We don’t have to have food shortages to experience guarded behaviors and a lack of charity.  Conservative social behavior can be uncharitable.

New neighbors move in next door while we check out their Acura MDX, Honda Accord, two children, and a fluffy dog.  Work men awaken us at 7am with their hammering.  “Mexican” painters go in and  out of the driveway.  The new neighbors are strangers with unknown histories.

We are busy.  We have azaleas to move, an antique car to repair, furniture to deliver to a son.  We have a business. We have social obligations.  We’ve been  entertaining out of town guests for two weeks and will be leaving for the Cape next week.

Still we go next door and introduce ourselves.  The new neighbors have names.  They are friendly, and they look haggard. The painters are behind schedule.  The moving van will arrive in two days.  The family has been going back and forth between hotel and house.  The only place to sit is on the floor or hearth.

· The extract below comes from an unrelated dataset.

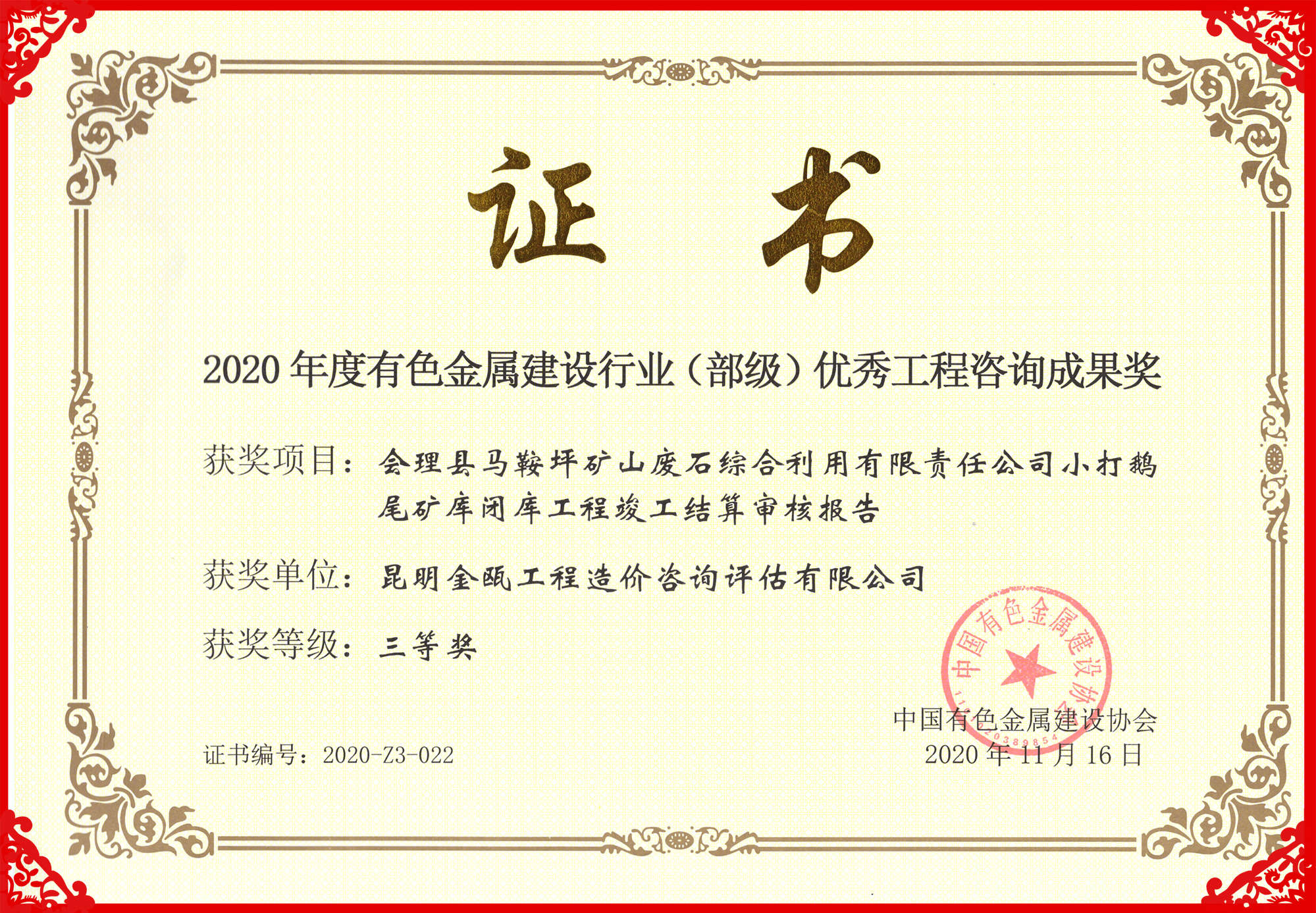 熱烈祝賀昆明金甌工程造價咨詢評估有限公司在2020年度中國有色金屬建設(shè)行業(yè)咨詢成果評獎活動中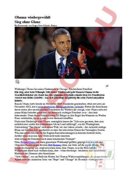 Obama wiedergewählt Sieg ohne Glanz Ein Kommentar von Gregor Peter Schmitz, Boston AP Wahlsieger Obama bei seiner Dankesrede in Chicago: Bescheidener Präsident Ein Sieg, aber kein Triumph: Mit seiner Wiederwahl geht Barack Obama in die Geschichtsbücher ein. Doch das eher glanzlose Ergebnis erlaubt dem US-Präsidenten vorerst nur kleine Schritte was sich allerdings langfristig für seine Partei auszahlen könnte. Barack Obama hatte bereits im November 2008 Geschichte geschrieben. Aber erst jetzt, im November 2012, hat er seine persönliche Erfolgsgeschichte vollendet. Hätten die Amerikaner ihrem ersten afro-amerikanischen Präsidenten die Wiederwahl versagt, wäre Obama stets mit einem Makel behaftet geblieben: ein historisch wichtiger Präsident zwar aber kein bedeutender. Denn dieses Prädikat haben US-Bürger in aller Regel den Männern im Weißen Haus vorbehalten, die es in eine zweite Amtszeit schafften. Nach einer Niederlage wäre Obama womöglich immer der Schwarze gewesen, dem man natürlich mal wieder den schlimmsten Job im Land aufdrängt, wie die Washingtoner Satirezeitung The Onion nach seiner Wahl vor vier Jahren witzelte der vielleicht richtige Mann zur falschen Zeit, gescheitert an einer der schwersten Krisen der Vereinigten Staaten. Was eine solche Abwahl für die fragilen Rassenbeziehungen in Amerika bedeutet hätte, darüber muss man nun zum Glück nicht mehr sinnieren. Aber errang der Demokrat auch einen historischen Triumph? Nein, Barack Obama hat einen glanzlosen Wahlkampf geführt, geprägt eher von scharfen Charakterattacken gegen Rivalen Mitt Romney denn von Stolz auf die eigene Bilanz. Wie knapp der Ausgang war, zeigt sich schon darin, dass Obama zwar die Mehrheit der Wahlmänner hinter sich vereinen kann, aber wenn überhaupt höchstens eine hauchdünne Mehrzahl der Stimmen aller Amerikaner. Geht wählen, war am Ende das Mantra bei Obamas Wahlveranstaltungen, der pragmatische Appell löste die visionären Sätze von Hope und Change ab. Er müsse wiedergewählt werden, weil er seine schwierige Aufgabe noch nicht vollendet habe, so lautete die eher schlichte Werbebotschaft des Präsidenten für seine zweite Amtszeit. US-Wahl 2012 Ergebnisse • Mitt Romney war ein ungeschickter, ungelenker Gegner War die absurd lange und absurd teure Wahlschlacht ein historisches Duell, so wie Obamas epochales Vorwahl-Ringen 2008 mit Parteirivalin Hillary Clinton? Auch das nicht, dafür erwies sich Republikaner Mitt Romney als ein Gegner, den die Geschichte zu rasch vergessen wird. Er ist ein ungeschickter, gar ein ungelenker Politiker. Historisch zu nennen ist eher die Dummheit der Republikaner, sich nicht entschlossener um die Minderheiten zu bemühen, die US-Wahlen zunehmend entscheiden. Dass AfroAmerikaner Obama die Stange halten würden, war zu erwarten. Aber hispanische Wähler wären für Lockrufe der Konservativen aufgrund der nach wie vor schwierigen USWirtschaftslage aufgeschlossen gewesen. Doch angesichts der plumpen Xenophobie der Republikaner, vom Kandidaten Romney zumindest im Vorwahlkampf fleißig gepflegt, entschieden sie sich mit überwältigender Mehrheit für den Amtsinhaber. Allein mit weißen Männern ist in den USA aber keine Wahl mehr zu gewinnen. Auch die Republikaner müssen einsehen, dass die immer schneller wachsende Gruppe amerikanischer Einwanderer nicht bloß im Land bleiben, sondern auch politisch mitbestimmen will. Das weiße Establishment stellt nur noch die Minderheit, musste selbst der stramm rechte FoxTV-Haudegen Bill OReilly anerkennen. Obamas Priorität: die Wirtschaft in Schwung bringen Ob Obama seine zweite Amtszeit beginnt, wie die erste endete mit einer Dauerblockade seiner Politik? Im US-Repräsentantenhaus stellen die Republikaner nach wie vor die Mehrheit. Und es ist keineswegs ausgemacht, dass die Grand Old Party ähnliche Schlüsse aus ihrer Niederlage ziehen wird wie nach dem Debakel ihres radikalen Kandidaten Barry Goldwater 1964 und in die Mitte rückt. Bereits am Wahlabend waren konservative Stimmen zu vernehmen, welche die Schuld an der Wahlniederlage auf den vermeintlich zu moderaten Kandidaten Romney schoben und seinen weit radikaleren Vize Paul Ryan als Zukunftshoffnung empfahlen. Unter diesen Vorzeichen wird der alte und neue Präsident Obama sich bescheiden müssen, und das ist gut so, für ihn und seine Partei. Anders als nach der Wahl 2008, die Demokraten als breites Mandat fehl interpretierten, muss Obama zumindest vorläufig das angehen, was Amerikaner am ehesten von ihm erwarten: die Wirtschaft in Schwung bringen und mehr Arbeitsplätze schaffen. Rund 60 Prozent der US-Bürger gaben dies in Umfragen als ihr wichtigsten Anliegen an. Der Demokrat wird also nicht mehr vorrangig kontroverse Projekte verfolgen können, die spaltend wirken wie seine historische Gesundheitsreform. Doch diese neue Bescheidenheit könnte sich für ihn und seine Partei auszahlen. Denn gelingt es Obama, über eine bald wieder wachsende US-Wirtschaft zu präsidieren was viele Ökonomen vorher sagen -, steigen die Chancen für jeden potentiellen demokratischen Nachfolger im Jahr 2016 rasant. Folgt auf Obama die erste Präsidentin? Darauf setzt etwa Ex-Rivalin Hillary Clinton, die bald als Außenministerin abtreten dürfte, um viel zu schlafen und eine mögliche Präsidentschaftskandidatur vorzubereiten, wie Vertraute berichten. Ihr Mann Bill hat auch deswegen so begeistert als Obamas Wahlkampfhelfer gewirkt, weil er auf diese Nachfolgeregelung hofft. Also könnte sich 2016 der Kreis der Geschichte schließen: mit der Staffelübergabe des ersten afro-amerikanischen Präsidenten der USA an die erste weibliche US-Präsidentin. Und so würden die Vereinigten Staaten von Amerika ein progressives Zeitalter einläuten. Barack Obama Als Barack Obama zehn Jahre alt war, erzählte er seinen Schulkameraden, sein Vater sei ein afrikanischer Prinz: Mein Großvater ist ein Häuptling, sozusagen der König des Stamms. Und wenn er, Little Barack, nur wollte, kö

We could walk away; we’d done our part — the introductions.  “Let us know if we can help” is not a commitment, not a sincere offer.  Too vague.

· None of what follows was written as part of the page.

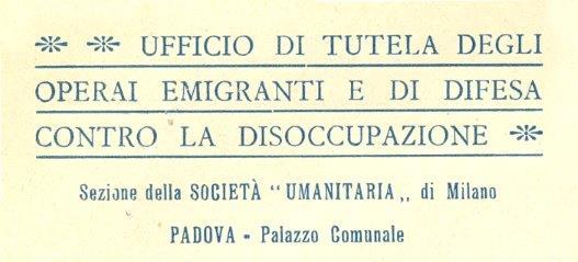 Il numero del 24 febbraio 1908 dell’house-organ “L’Umanitaria” fornisce una scheda riassuntiva della sede di Padova, appena inaugurata: “la Sezione padovana sorge per attuare un deliberato dell’Amministrazione comunale col quale si impostavano in Bilancio L. 5.000 per provvedimenti a favore della disoccupazione. Emanazione del Comune di Padova, della Cassa di Risparmio, delle Societa Mutue e Cooperative, della Camera del Lavoro e della Camera di commercio, la Sezione si propone di funzionare come Segretariato per la tutela dell’emigrazione all’estero, per la tutela dell’emigrazione interna, per il collocamento dei lavoratori agricoli, come Cassa di sussidio alla disoccupazione, secondo le norme seguite dall’Umanitaria, il cui appoggio è doveroso e utile perché col sacrificio modesto della nostra Istituzione, e col concorso di Enti diversi, si raggiungono, con opera coordinata in altre città, gli scopi che l’Umanitaria questa si propone di raggiungere per il miglioramento tecnico, morale ed economico dei lavoratori”.

Then we say,”Would you like to borrow our vacuum?”  Our new neighbor smiles and gushes with gratitude, which fuels our imagination.  We have a playhouse once enjoyed by our now grown children.  We say, “Your children will love our playhouse out back.” And more:  “Your parents must stay in our guest suite when they come.” And finally, inspired by the possibilities we say, “You will be so tired the night before moving day, please have supper with us.  We want so much to visit with you….Help yourself to any pots and pans you might need….Here are some paper plates and cups.  Take these strawberries with you…”

We tell our maid to prepare the guest suite.  We buy Stouffer’s frozen lasagne and salad in a bag.  We pop popcorn, set out Brie and crackers, and pull cookies from the freezer.  We select a nice wine from the cellar. We allow the fluffy white dog in the guest suite.  We give our new neighbors a key to our home.

Because we could not honestly turn away.  We could not say, “We are too busy to care.”  It just isn’t who we want to be.

But if anyone has the world’s goods and sees his brother in need, yet closes his heart against him, how does God’s love abide in him?  1 John 3:17-18

Note:  This post was inspired by two situations: family poverty during the thirties and the generosity of neighbors when a daughter and son-in-law moved to Atlanta.  Although I exercise creative license with some details, the events are essentially true, especially the kind generosity of next door neighbors in Atlanta.  The story of Anna Simmons’ generosity during The Great Depression is part of family lore and matches all that I knew about her.